In conclusion, the evidence to date concerning the association between the organochlorines and risk of breast cancer is not entirely consistent and suggests that organochlorine compounds are not important predictors for breast cancer. However, the quality of available scientific information is low because the majority of epidemiological studies that have been conducted till now have many limitations and weaknesses. Further research on interactions between organochlorines and other xenoestrogens and natural estrogens is recommended. It appears urgent that research programmes should focus on the potential effects of organochlorines and other endocrine disrupters to breast cancer and other hormone- related cancers. Current studies investigate breast cancer and other hormone related cancers without considering the potential effects of these harmful chemical substances. The identification of the effects and role of organochlorines may help explain some cases of breast cancer.

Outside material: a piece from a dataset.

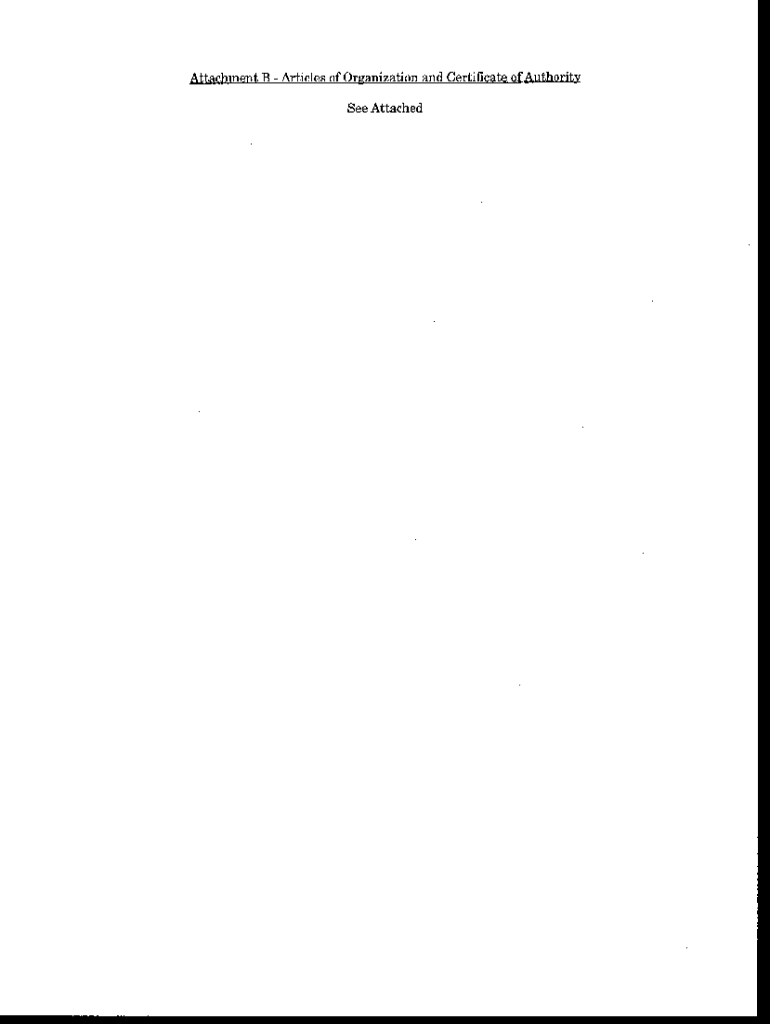 Attachment B Articles of Organization and Certificate of Authority See AttachedARTICLES OF ORGANIZATION Form 7.80.204.1 revised 11/13/2000 Filing fee: $50.00 This document must be typed or machine

The role of health care professionals should be focused on the education of the public in order to minimize their exposure to organochlorines and other harmful substances. Information and education are important public health tools that are relatively low cost and can have major impact on reducing environmental and health effects [75]. Information and education are critical to public empowerment. Health care professionals should inform people about risks, options for preventing risks, actions for reducing them and possible alternatives. Information can also discourage behaviours that lead to risks and make people to demand safer environmental conditions. Information and education will enable people to identify products that contain potentially hazardous substances, or that are environmentally friendly and have been produced by using organic methods.